I leave you with this quote from Plyler v. Doe:
“To permit a State to employ the phrase ‘within its jurisdiction’ in order to identify subclasses of persons whom it would define as beyond its jurisdiction, thereby relieving itself of the obligation to assure that its laws are designed and applied equally to those persons, would undermine the principal purpose for which the Equal Protection Clause was incorporated in the Fourteenth Amendment. The Equal Protection Clause was intended to work nothing less than the abolition of all caste-based and invidious class-based legislation. That objective is fundamentally at odds with the power the State asserts here to classify persons subject to its laws as nonetheless excepted from its protection .
Although the congressional debate concerning § 1 of the Fourteenth Amendment was limited, that debate clearly confirms the understanding that the phrase ‘within its jurisdiction’ was intended in a broad sense to offer the guarantee of equal protection to all within a State’s boundaries, and to all upon whom the State would impose the obligations of its laws “
Victor –
When the current laws provide people with a strong personal incentive to break the law, that is the very definition of a perverse incentive.
Re funding sources for the school system — I think it’s pretty clear that when people are working under the table, they are not the highest income earners. It’s extraordinarily unlikely that these families would be paying $5000 per year in consumption and sin taxes, which is the low estimate of what is spent per student in Arizona.
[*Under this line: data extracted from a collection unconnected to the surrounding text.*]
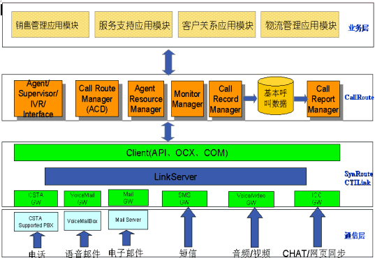 。。CallRoute平臺是一個基于CSTA標(biāo)準(zhǔn)、支持分布互連的呼叫中心平臺。商路通呼叫中心平臺全套產(chǎn)品包括多個服務(wù)部件,客戶端的接口部件(OCX、DLL)以及功能豐富應(yīng)用工具。我們的軟件系統(tǒng)采用先進(jìn)的軟件工程設(shè)計方法,整個系統(tǒng)的軟件結(jié)構(gòu)體系遵循以下設(shè)計原則: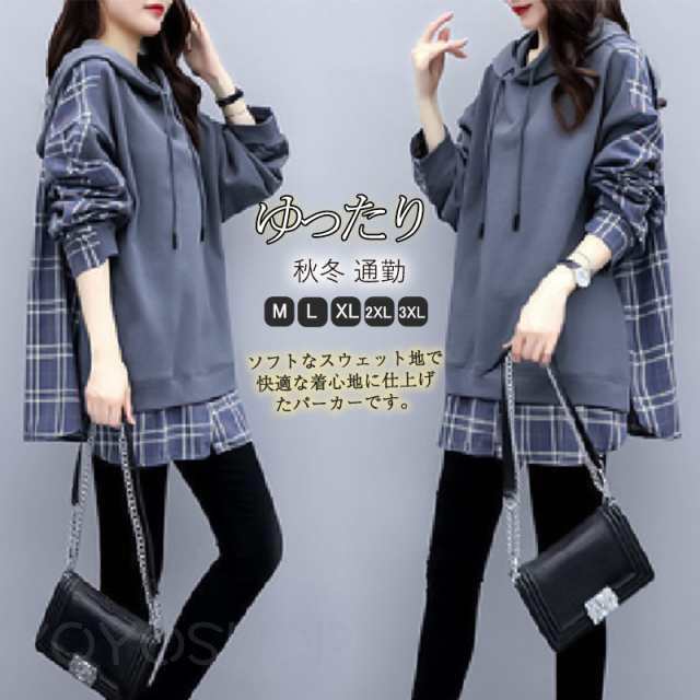 トレーナー レディース パーカー 長袖 トップス スウェット プルオーバー 配色 レイヤード風 通勤 通学 大きいサイ 秋冬
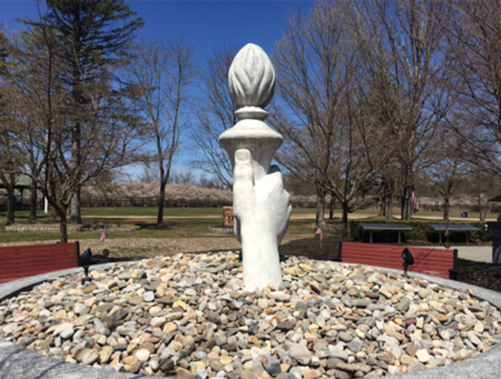 Isolated examples of Modern abstraction do exist beyond academic settings, but they are rare. Burnett Zeek’s Eternal Flame (Roxbury, NJ) has stood as a memorial to those who served the nation during World War II since 1959, surviving relocation from its original site at the police headquarters to an even more public setting in a large and heavily utilized municipal park. While it appears slightly surreal in the way it emerges from a bed of crushed rock, Eternal Flame is actually part of a long tradition of hands in public sculpture, which have been used since the early 20th century to convey notions of power, benediction, and even tenderness. It would not be unreasonable to assume that Zeek was inspired by one of the most famous examples of a hand holding a torch – the Statue of Liberty – particularly as Roxbury is within an hour’s drive of Liberty Island.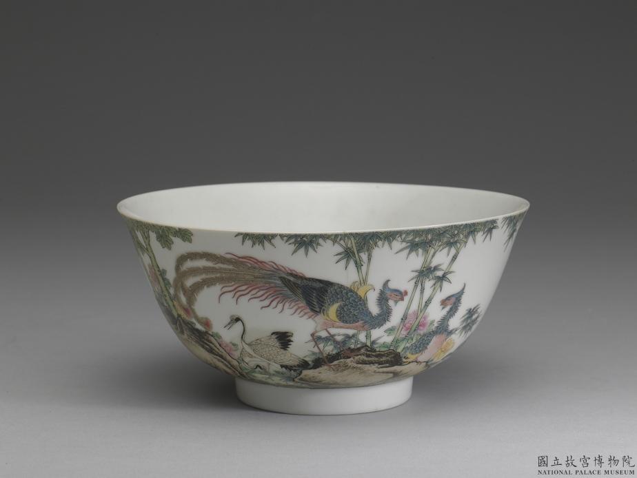 生產於宮中造辦處的琺瑯彩瓷,是盛清代表工藝之一。製作精美,傳世數量稀少,紋飾、題材縱有成對,亦無一相同,乾隆朝時便曾降旨分批珍藏。 兩器外壁一面繪有奇石、梧桐、牡丹、矮竹,其上並有鳳凰、鳴鶴、鴛鴦、鶺鴒、黃鸝各一對,另一面墨書「盛世鳳凰應紀曆,羽儀四佐協綱常」詩句,詩句前有「鳳采」,後有「彬然」、「君子」共三枚紅料印。器底帶「雍正年製」二行藍料宋體字雙方框款。 雍正朝是琺瑯彩瓷發展的關鍵階段,此器品質精美,繪製細膩,紋樣結合詩書畫印,展現雍正皇帝的藝術品味。傳世僅有二件,且可對照道光十五年乾清宮《琺瑯玻璃宜興磁胎陳設檔案》,益顯珍貴。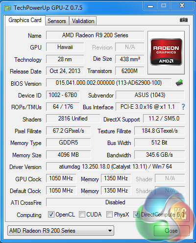 An overview of the Asus R9 290x Direct CU II OC. The Hawaii CPU is built on the 28nm process and has 64 ROPS, 176 Texture units, and 2816 Stream processors. The 4GB of GDDR5 memory is connected via a wide 512 bit memory interface. Asus have overclocked the memory from 1,250mhz to 1,350mhz (from 5Gbps effective to 5.4Gbps effective), and the core receives a boost from 1,000mhz to 1,050mhz.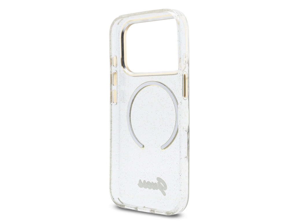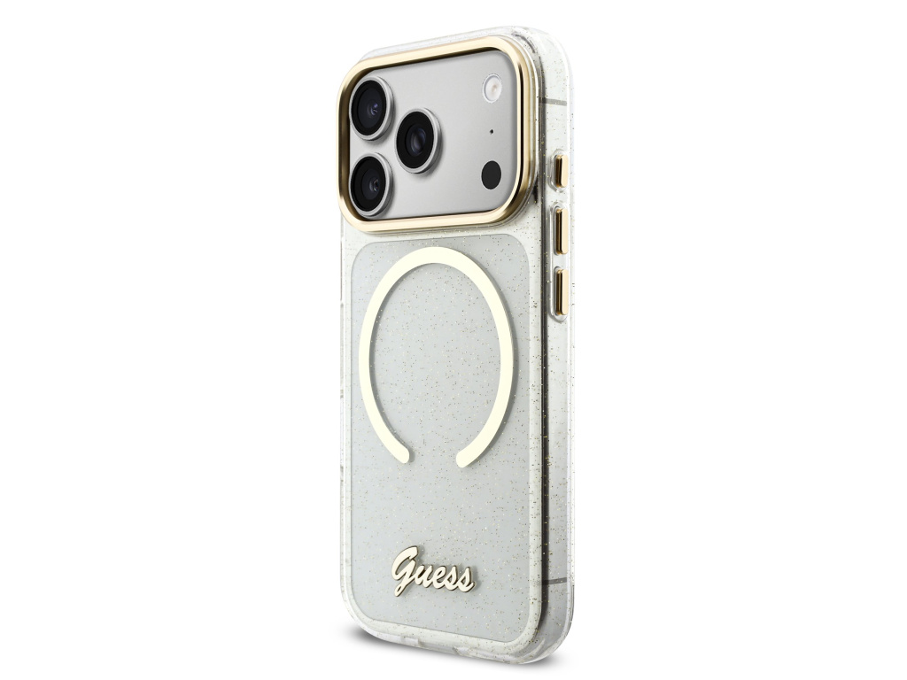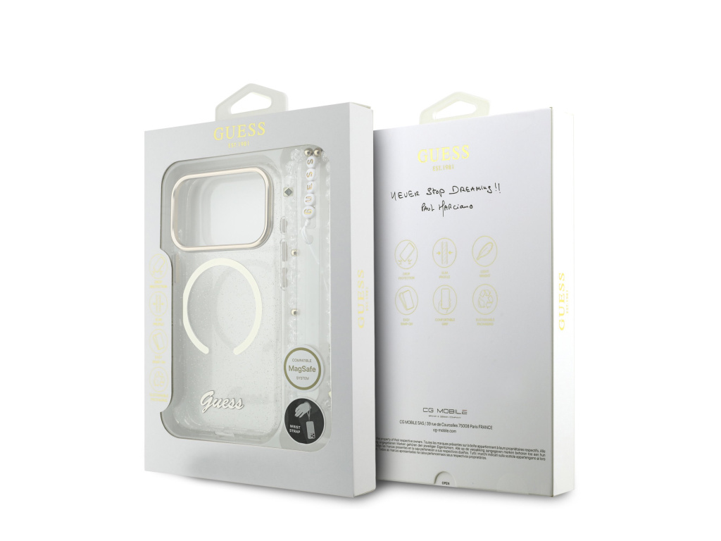 Guess IML Glitter Script Strap MagSafe Zadní Kryt pro iPhone 17 Pro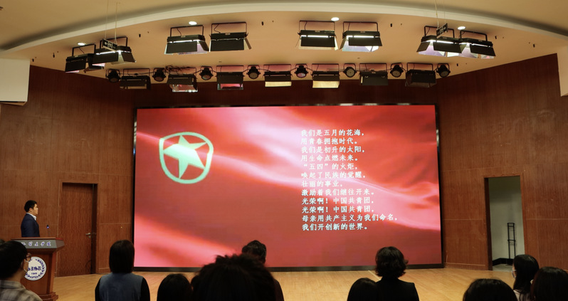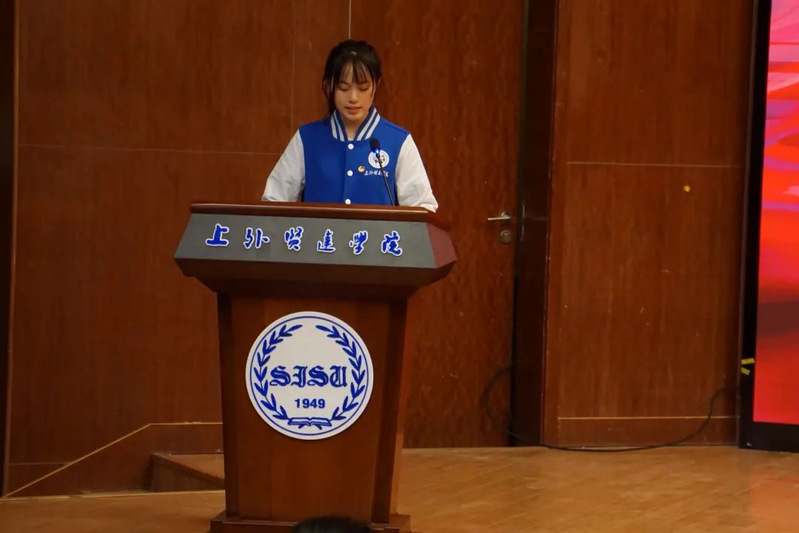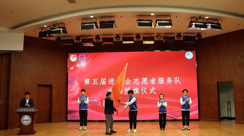 艺术与传媒学院“小叶子”蔡梦婷同学带领志愿者代表上台宣誓,共同许下“以青春相约进博、以拼搏助力进博”的庄严承诺!

They are therefore net recipients, and a net drain on the treasury.
As it happens, I actually oppose changing the old common law rule on citizenship by birth — the simple elegance of only needing a birth certificate to prove one’s status is not something that should be lightly given up — but the view on the matter held by 58% of the electorate is well within the international legal mainstream. Sticking with the traditional rules is actually the outlier here.
I have been, and remain, a member in good standing of the chattering class — I just dissent strongly from much of its conventional wisdom.